Yay! Don't you love her accent?

I love it, and their different words for everything, like a tin of fizzy-pop instead of can of soda, breakfast fry-ups (well I guess that does actually describe it), bags of crisps (chips, but to them chips means fries. Wonder what "fries" means?), takeaways (takeout or drivethrough meals), bicarbonate of soda instead of baking soda, etc., and words like "smashing". I feel so culturally enlightened (not, I'm just a dork watching too much BBC! lol). I think I'll start talking like that. My DH will be like 'you need to get a hobby, woman.'
OK enough of my strange rant. No, I've never heard of Adzuki beans. Could that just be a British name for some bean we're actually already familiar w/? lol Hang on lemme google it...
From Wikipedia:
"[edit] Uses
In East Asian cuisine the azuki bean is almost always eaten sweetened. In particular, it is often boiled with sugar, resulting in red bean paste, a very common ingredient in all three cuisines; it is also common to add flavoring to the bean paste, such as chestnut.
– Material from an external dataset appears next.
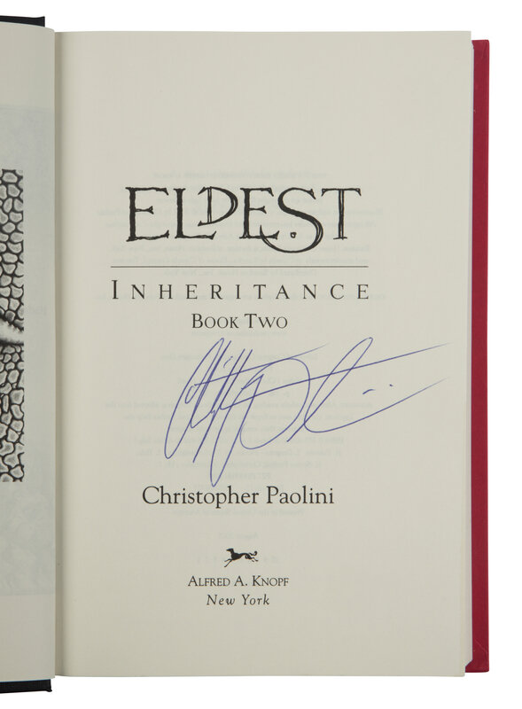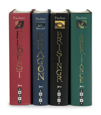 PAOLINI, Christopher (b. 1983). [The Inheritance Cycle]. Eragon. 2003. -- Eldest. 2005. -- Brisingr. 2008. -- Inheritance. 2011. All published in New York by Alfred A. Knopf.

Azuki bean paste being used as a filling for taiyaki in Kyoto, Japan.Red bean paste is used in many Chinese foods, such as tangyuan, zongzi, mooncakes, baozi, and red bean ice. It is also used as a filling for Japanese sweets such as anmitsu, taiyaki (Korean: bungeoppang), and daifuku. A more liquid version, using azuki beans boiled with sugar, lotus seeds, and orange peel, produces a sweet dish called red bean soup. Azuki beans are also commonly eaten sprouted, or boiled in a hot, tea-like drink.
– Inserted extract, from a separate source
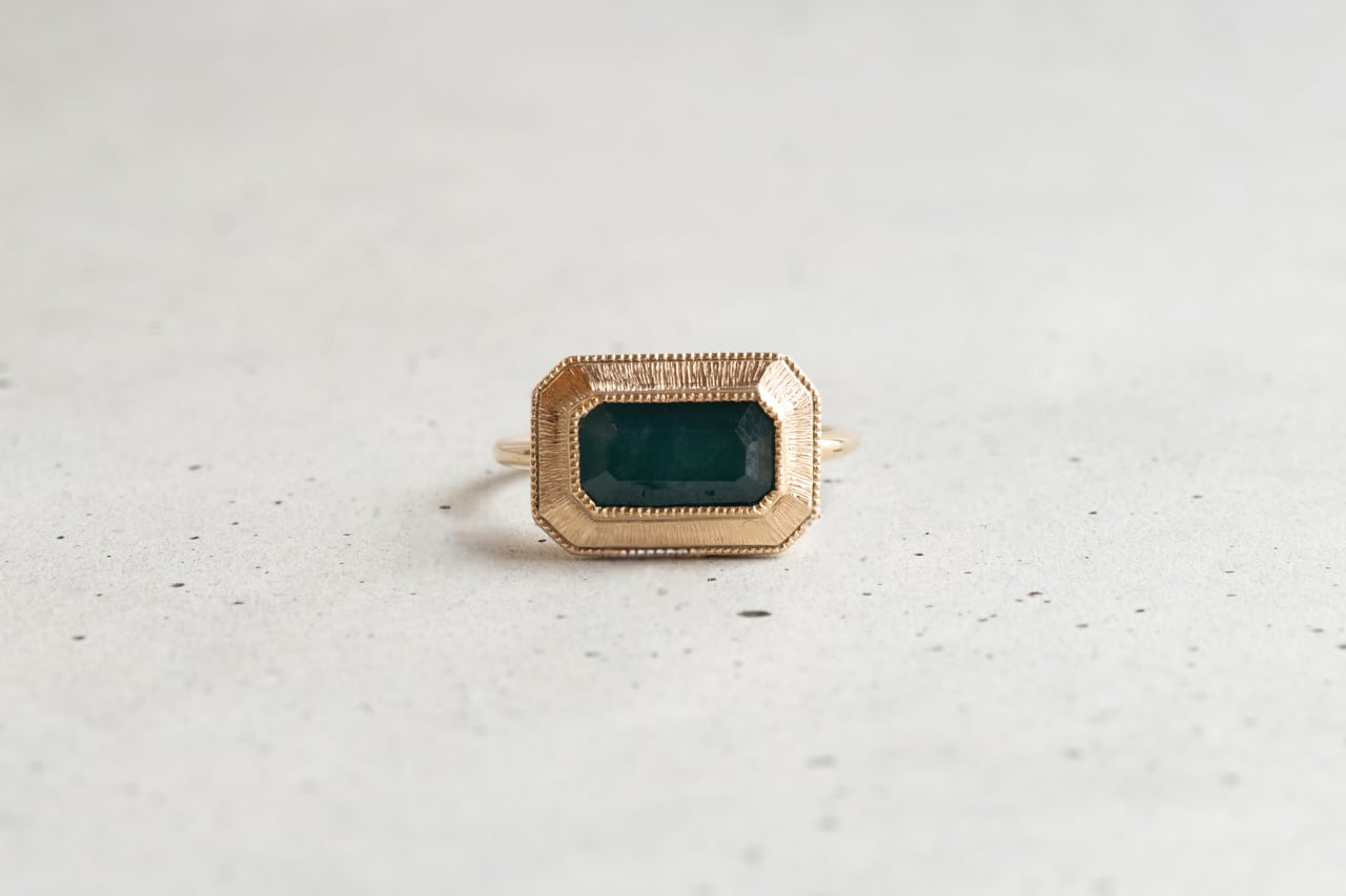 額縁をモチーフにしたデザインで、二重のミル打ちとその間はタガネで刻みを入れています。

In Japan, rice with azuki beans (赤飯; sekihan) is traditionally cooked for auspicious occasions. Azuki beans are also used to produce amanattō, and as a popular flavour of ice cream.
Azuki beans, along with butter and sugar, form the basis of the popular Somali supper dish cambuulo."
No recipes, but I think that I have finally found what I ate in Japan that I liked so much! This bean is from the Himalayas btw. Butter and sugar sounds good to me!

There were alot of recipe links that popped up when I googled it, here's some:
www.recipezaar.com/recipes.php?ls=h&foodid=7978www.geocities.com/adzuki_tips/ www.vegparadise.com/bean1.htmlwww.knowingfood.com/red/adkrecipe.htmlwww.adzuki.com/Hth! I'll have to check these out too! Sounds like I would have to visit an expensive specialty store or order online to get them. But then again, maybe I've just overlooked them b/c of unfamiliarity.